Word embeddings, or word vectors, provide a way of mapping words from a vocabulary into a low-dimensional space, where words with similar meanings are grouped together. Here, we will look at the implementation of the two main methods to train word embeddings in an unsupervised manner: skip-gram and CBOW models. 

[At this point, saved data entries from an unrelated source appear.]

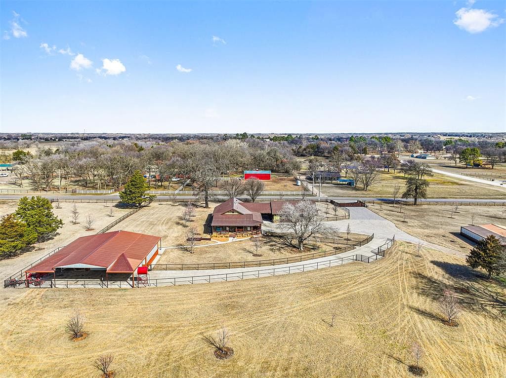 This aerial view captures a sprawling estate surrounded by a vast landscape. The main house, characterized by a traditional American design, features a cozy wooden porch and a sloped roof with reddish-brown shingles. Nearby, a large barn stands with a similar roof style and an open area, suggesting functional versatility. The property is bordered by a mix of green trees and manicured lawns, enhancing its rustic charm. A winding driveway connects various structures, adding to the property’s inviting layout. The expansive grounds emphasize tranquility, showcasing the sprawling pastoral scenery and distant horizons.
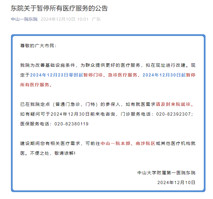 今天(12月10日)中山大學(xué)附屬第一醫(yī)院東院發(fā)布《東院關(guān)于暫停所有醫(yī)療服務(wù)的公告》。據(jù)了解,該院將進(jìn)行改擴(kuò)建,未來規(guī)劃定位為心腦血管疑難救治中心。據(jù)公告,該院于2024年12月23日零時起暫停門診、急診醫(yī)療服務(wù),2024年12月30日起暫停所有醫(yī)療服務(wù)。
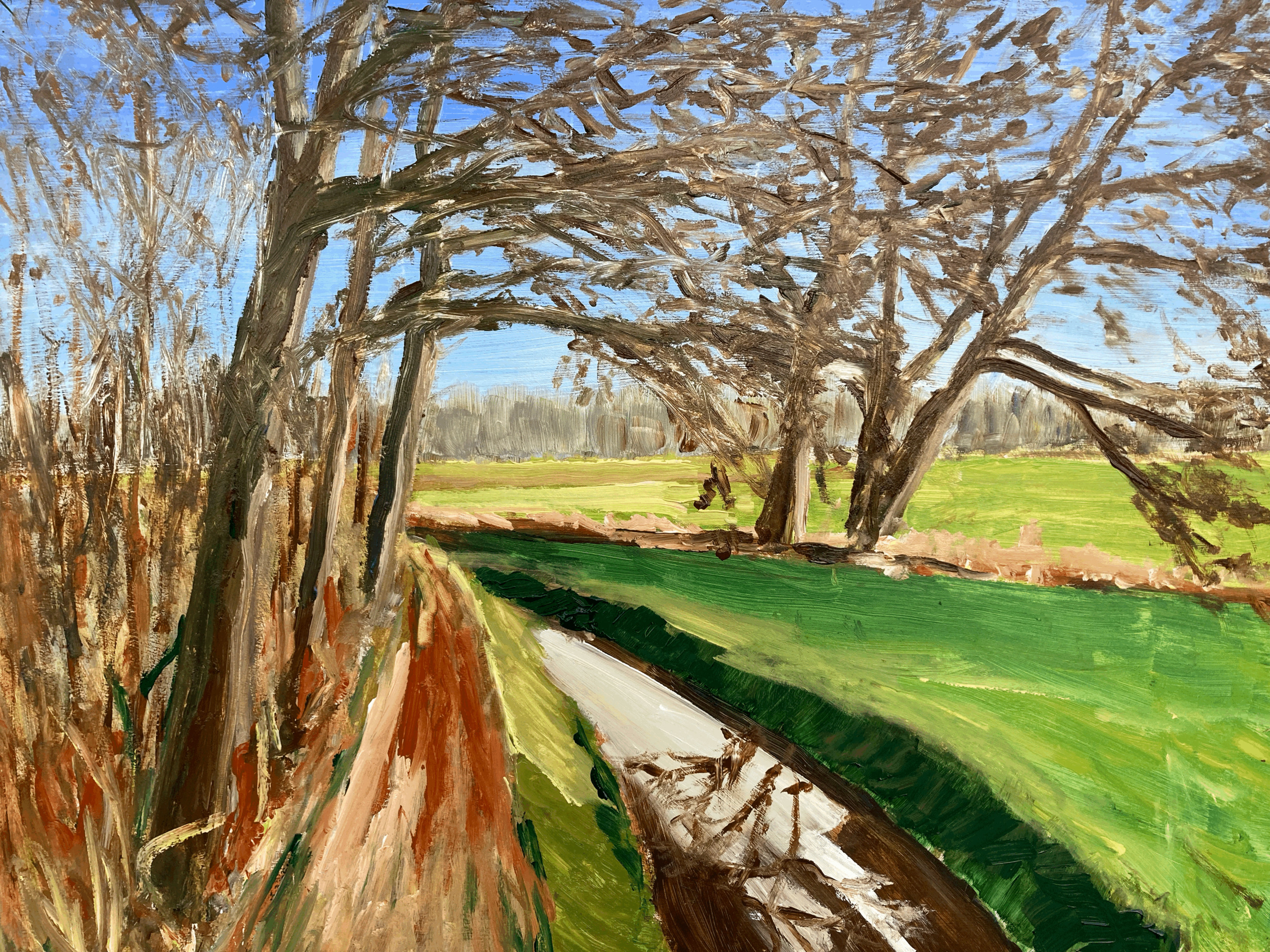 Plein air acryl schilderij. Sloot langs bosrand in de Slangenburg.

#### Preparing the text data
#1. Download the training corpus (e.g., Wikipedia dump, GoogleNews, Bookcorpus);
#2. Build a vocabulary by choosing those top frequent words (can be as many as a billion);
#3. Build the two dictionaries: ixtoword, wordtoix;
#4. Split the corpus into short text sequences (e.g. five consecutive words).

In [None]:
#4. get the input and output lists for training
from random import randint

sequences = [['i', 'love', 'coding', 'in', 'tensorflow'], ['the', 'dog', 'barked', 'at', 'him']]
# Skip-gram model
skip_input = []
skip_output = []
for s in sequences:
    skip_input.append(s[len(s)//2])
    temp = s[:len(s)//2] + s[len(s)//2+1:]
    skip_output.append(temp[randint(0, len(temp)-1)])
print('skip-gram training input: ', skip_input)
print('skip-gram training output: ', skip_output)

# CBOW model
cbow_input = []
cbow_output = []
for s in sequences: 
    cbow_input.append(s[:len(s)//2] + s[len(s)//2+1:])
    cbow_output.append(s[len(s)//2])
print('CBOW training input: ', cbow_input)
print('CBOW training output: ', cbow_output)

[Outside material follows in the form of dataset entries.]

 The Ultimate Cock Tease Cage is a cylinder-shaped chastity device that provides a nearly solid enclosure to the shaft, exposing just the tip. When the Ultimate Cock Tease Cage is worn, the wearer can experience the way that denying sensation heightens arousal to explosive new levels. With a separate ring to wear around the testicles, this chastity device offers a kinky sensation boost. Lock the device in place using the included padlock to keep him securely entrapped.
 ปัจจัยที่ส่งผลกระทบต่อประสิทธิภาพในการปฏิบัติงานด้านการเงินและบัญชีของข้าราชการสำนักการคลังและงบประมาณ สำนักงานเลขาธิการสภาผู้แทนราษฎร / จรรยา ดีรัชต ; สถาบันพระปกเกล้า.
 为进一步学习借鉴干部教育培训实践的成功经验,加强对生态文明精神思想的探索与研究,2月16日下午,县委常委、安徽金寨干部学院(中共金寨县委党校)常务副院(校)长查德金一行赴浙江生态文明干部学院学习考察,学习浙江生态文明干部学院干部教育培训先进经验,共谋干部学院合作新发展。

# Transfer the input and output lists to indexes 

In [None]:
# Write the Skip-gram model
import tensorflow as tf
import math

vocabulary_size = 10000
embedding_size = 300
batch_size = 128

# setup TensorFlow placeholders
train_inputs = tf.placeholder(tf.int32, shape=[batch_size])
train_labels = tf.placeholder(tf.int32, shape=[batch_size, 1])

# Look up embeddings for inputs
embeddings = tf.Variable(tf.random_uniform(
    [vocabulary_size, embedding_size], -1.0, 1.0))
embed = tf.nn.embedding_lookup(embeddings, train_inputs)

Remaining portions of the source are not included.